If you could verify how your food was grown, treated and distributed using an iPhone app, blockchain and a packaging code, would you? IBM thinks you might.
From the cradle to the plate
Everyone knows that food standards aren’t equal. Nowhere is this clearer than in the treatment of chickens destined for your plate. Some are reared in conditions considered cruel by many consumers, people who will vote with their wallets for better treatment if they are informed.
It’s not too different when it comes to vegetables, some of which travel enormous distances before reaching your local store.
Modern consumers are more concerned with the environmental impact of these journeys than ever before and want to be able to check this almost as much as they want to verify the safety of pesticides used during the growth cycle.

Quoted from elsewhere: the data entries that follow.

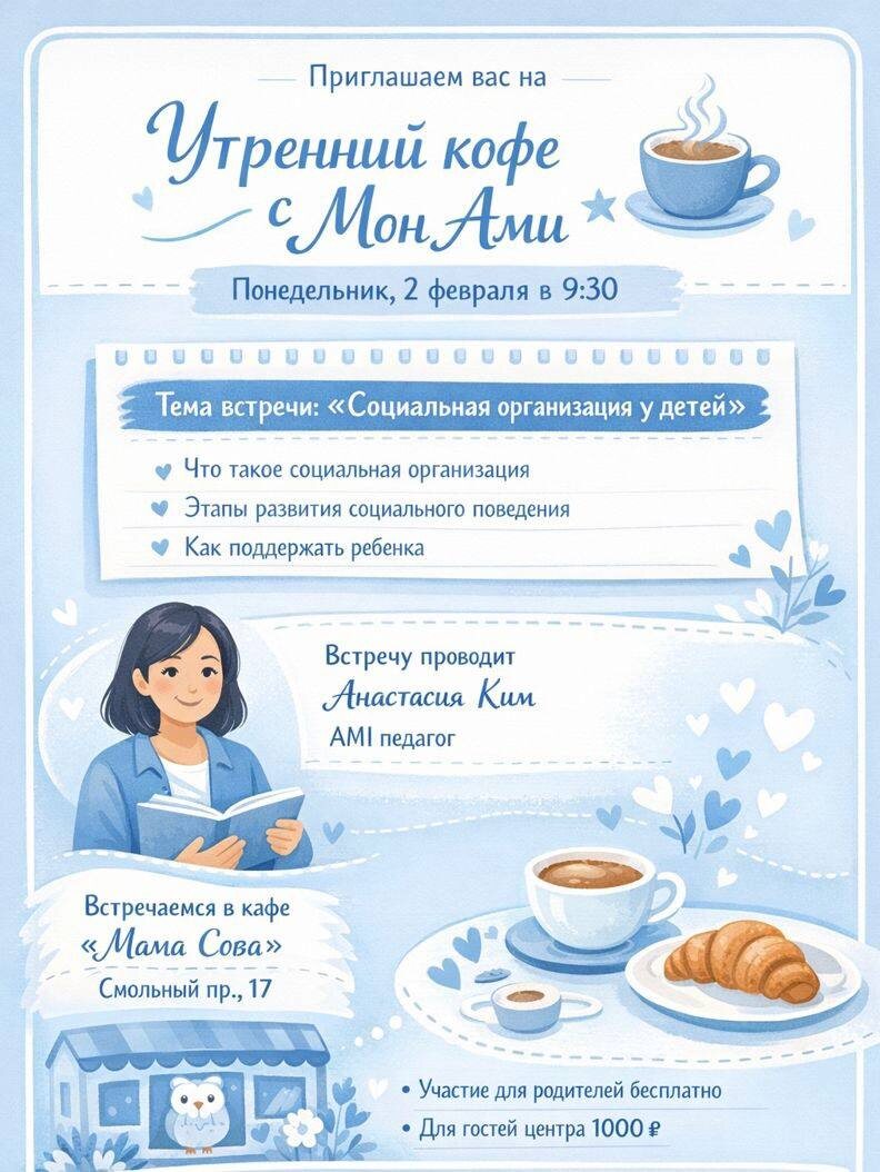 Продолжительность мероприятия составит 1,5 часа. Мы будем рады видеть всех в кафе «Мама Сова», расположенном на Смольном проспекте, 17.
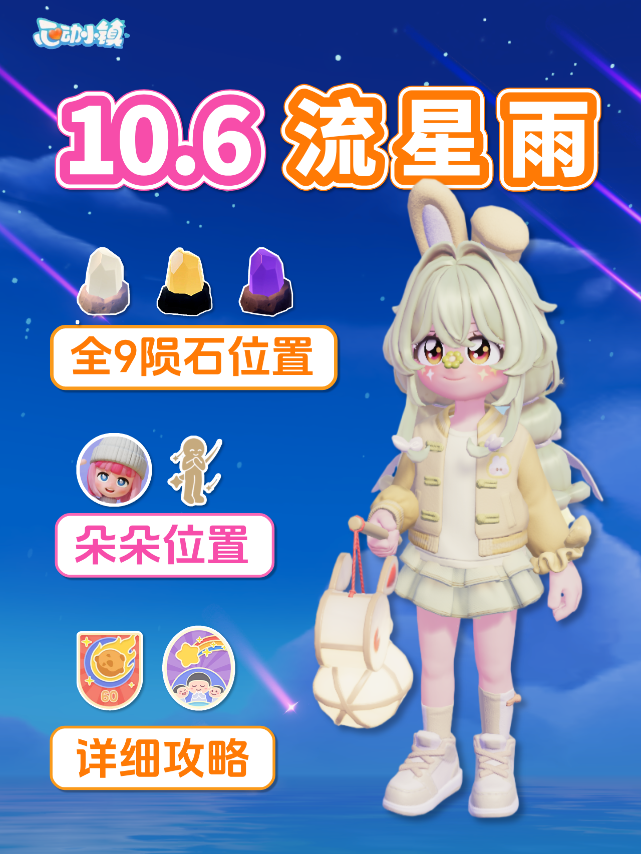 下雨天时间:12:00-18:00 雨天朵朵位置:文艺街 彩虹天时间:18:00-24:00 彩虹朵朵位置:随机刷新 1. 寻找3朵彩虹花束、寻找彩虹朵朵购买彩虹糖 2解锁彩虹天才会出现的五星爱好图鉴 3.彩虹天采集果子、砍树、石头有额外加成,比平时 获得的多好多 4.仙人掌沙雕和尼尼熊雪雕五星图鉴 另外彩虹糖还没凑齐的宝子们千万不要错过了啊 #心动小镇 #心动小镇创作计划 #心动小镇新春季 #心
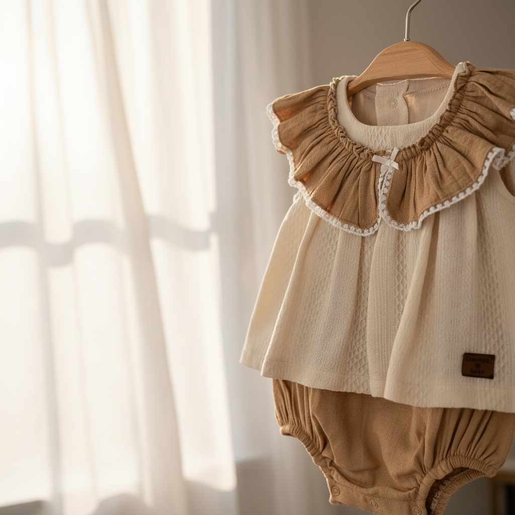 Kız Bebek Çocuk Organik Pamuklu Fırfır Yaka Sıfır Kol Çıtçıtlı Zıbın (URU0008-KAHVERENGİ-3)
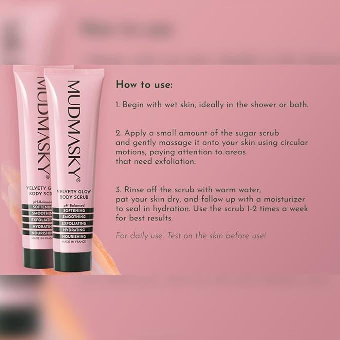 Mudmasky Velvety Glow Body Scrub 6.0 OZ. XXL-size - AS SEEN IN YOUR IPSY GLAM BAG - Exfoliating Bamboo Scrub. Made in France. No harsh chemicals. For Soft, Radiant Skin.

You don’t usually get access to such information, and if you do it is quite hard to truly verify that the data you are provided with is correct. That’s where blockchain comes into play – as does your iPhone or other mobile devices.
What IBM is doing
IBM at CES 2020 introduced a new app that uses blockchain to link consumers up with the farmers who grow their coffee beans. The idea is that when you are purchasing coffee, you can use the app on your mobile device to check where it comes from, how it’s grown, distributed, shipped, exported, blended and roasted.
The problem with accessing this information across the typical distribution cycle is that different entities are usually responsible for each step of the process. This means that no one group gathers all the data.
IBM is using blockchain as a permanent and trusted way to track what takes place across the cycle. Each party in the process has an exact copy of the information held on the blockchain, adding their own data during the journey. They don’t need to add other people’s, as that information is already in the chain.